:: Directions for this task ::
From the line with "So, NCBI has" through the line with "Beautiful handbag made", repeat the entries verbatim, both end lines included, and add nothing.

(Extracted data entries)

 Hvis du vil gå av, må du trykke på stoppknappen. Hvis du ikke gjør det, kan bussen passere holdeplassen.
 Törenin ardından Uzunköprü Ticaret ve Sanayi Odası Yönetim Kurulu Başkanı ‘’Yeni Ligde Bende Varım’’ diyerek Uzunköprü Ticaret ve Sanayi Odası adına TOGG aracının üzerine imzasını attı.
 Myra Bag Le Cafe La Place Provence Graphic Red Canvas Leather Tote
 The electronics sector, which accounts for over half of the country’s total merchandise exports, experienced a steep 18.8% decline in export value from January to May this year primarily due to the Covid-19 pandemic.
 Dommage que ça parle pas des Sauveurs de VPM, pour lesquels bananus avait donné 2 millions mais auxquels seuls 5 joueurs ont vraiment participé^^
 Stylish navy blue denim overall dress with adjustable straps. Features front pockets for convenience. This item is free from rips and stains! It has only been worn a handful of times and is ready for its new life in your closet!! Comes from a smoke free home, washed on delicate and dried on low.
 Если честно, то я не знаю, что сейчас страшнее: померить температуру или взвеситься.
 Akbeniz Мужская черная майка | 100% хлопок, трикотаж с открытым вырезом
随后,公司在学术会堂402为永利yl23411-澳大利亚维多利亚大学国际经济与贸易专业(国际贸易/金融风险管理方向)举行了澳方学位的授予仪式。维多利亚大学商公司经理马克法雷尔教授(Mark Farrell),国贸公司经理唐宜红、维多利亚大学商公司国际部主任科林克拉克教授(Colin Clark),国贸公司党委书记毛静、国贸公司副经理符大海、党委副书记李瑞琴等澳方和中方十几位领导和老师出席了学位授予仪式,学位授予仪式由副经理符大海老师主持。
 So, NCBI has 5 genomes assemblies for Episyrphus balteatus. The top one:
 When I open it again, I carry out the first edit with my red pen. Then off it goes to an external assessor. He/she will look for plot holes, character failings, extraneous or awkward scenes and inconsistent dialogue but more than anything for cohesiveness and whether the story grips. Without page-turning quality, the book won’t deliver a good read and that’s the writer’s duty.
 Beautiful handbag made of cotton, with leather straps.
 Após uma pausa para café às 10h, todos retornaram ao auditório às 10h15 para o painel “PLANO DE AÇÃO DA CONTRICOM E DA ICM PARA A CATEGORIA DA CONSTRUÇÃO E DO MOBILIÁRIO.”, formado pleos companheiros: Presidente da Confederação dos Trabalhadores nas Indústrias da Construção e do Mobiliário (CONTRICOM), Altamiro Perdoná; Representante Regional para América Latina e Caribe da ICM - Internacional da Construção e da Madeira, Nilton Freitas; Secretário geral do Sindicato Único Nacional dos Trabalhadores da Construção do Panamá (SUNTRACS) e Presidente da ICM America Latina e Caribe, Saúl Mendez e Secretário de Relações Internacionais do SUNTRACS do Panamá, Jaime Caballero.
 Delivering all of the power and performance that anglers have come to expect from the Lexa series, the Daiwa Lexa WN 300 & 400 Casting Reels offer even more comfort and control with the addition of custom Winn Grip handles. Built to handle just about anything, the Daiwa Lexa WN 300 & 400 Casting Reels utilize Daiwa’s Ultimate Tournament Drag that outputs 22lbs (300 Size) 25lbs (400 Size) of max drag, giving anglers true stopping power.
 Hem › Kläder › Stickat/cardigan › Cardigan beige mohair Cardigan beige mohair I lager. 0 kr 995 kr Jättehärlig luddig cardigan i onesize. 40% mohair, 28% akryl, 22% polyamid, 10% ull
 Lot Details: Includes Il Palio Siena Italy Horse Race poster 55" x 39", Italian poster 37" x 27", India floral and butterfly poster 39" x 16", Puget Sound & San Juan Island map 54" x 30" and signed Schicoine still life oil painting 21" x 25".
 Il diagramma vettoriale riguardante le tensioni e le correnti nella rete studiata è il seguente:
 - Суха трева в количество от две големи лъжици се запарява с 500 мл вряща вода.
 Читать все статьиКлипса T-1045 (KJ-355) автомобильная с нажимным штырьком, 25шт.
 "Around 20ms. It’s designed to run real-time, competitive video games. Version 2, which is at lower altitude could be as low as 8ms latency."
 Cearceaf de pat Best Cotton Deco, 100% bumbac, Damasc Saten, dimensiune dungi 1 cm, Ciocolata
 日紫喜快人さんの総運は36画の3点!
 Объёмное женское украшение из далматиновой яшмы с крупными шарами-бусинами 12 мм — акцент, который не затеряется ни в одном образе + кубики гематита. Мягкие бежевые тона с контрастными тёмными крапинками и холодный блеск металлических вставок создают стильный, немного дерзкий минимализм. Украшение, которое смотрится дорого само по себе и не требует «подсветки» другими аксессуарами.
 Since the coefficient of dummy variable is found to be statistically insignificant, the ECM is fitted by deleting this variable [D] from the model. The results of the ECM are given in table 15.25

:: Task answer ::
 So, NCBI has 5 genomes assemblies for Episyrphus balteatus. The top one:
 When I open it again, I carry out the first edit with my red pen. Then off it goes to an external assessor. He/she will look for plot holes, character failings, extraneous or awkward scenes and inconsistent dialogue but more than anything for cohesiveness and whether the story grips. Without page-turning quality, the book won’t deliver a good read and that’s the writer’s duty.
 Beautiful handbag made of cotton, with leather straps.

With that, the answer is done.